More concretely, to insert a[i] into the sorted subarray a[0 .. (i - 1)], insertion sort first saves the value of a[i] in a variable v. It then walks backwards through the subarray, shifting elements forward by one position as it goes. When it sees an element that is less than or equal to v, it stops, and inserts v to the right of that element. At this point the entire subarray a[0 .. i] is sorted.

Here is a Python implementation of insertion sort:

def insertionSort(a):
  for i in range(len(a)):
    v = a[i]
    j = i - 1
    while j >= 0 and a[j] > v:
      a[j + 1] = a[j]
      j -= 1
    a[j + 1] = v

What is the running time of insertion sort? In the best case, the input array is already sorted. Then no elements are shifted or modified at all and the algorithm runs in time O(n).

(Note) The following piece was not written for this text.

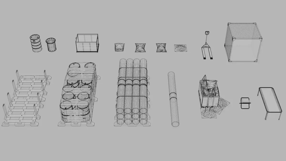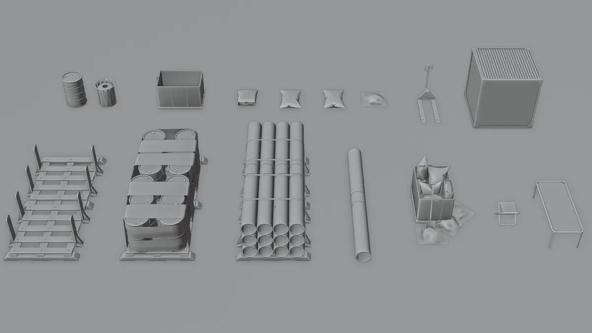 4 cements, 1 lootbox, 1 cart, 1 hand pallet truck, 1 pallet, 1stool, 1 stretcher, 1 oil barrel, 1 concrete pipe, 1 concrete pipe load, 1 oil barrel load, 1 shovel, 1 garbage can, 1 cement load cart

The worst case is when the input array is in reverse order. Then to insert each value we must shift elements to its left, so the total number of shifts is 1 + 2 + … + (n – 1) = O(n2). If the input array is ordered randomly, then on average we will shift half of the subarray elements on each iteration. Then the time is still O(n2).

Insertion sort has the same worst-case asymptotic running time as bubble sort, i.e. O(n2). But it generally outperforms bubble sort by a factor of 3 or more. It is a reasonable choice for a simple sorting algorithm when n is not large.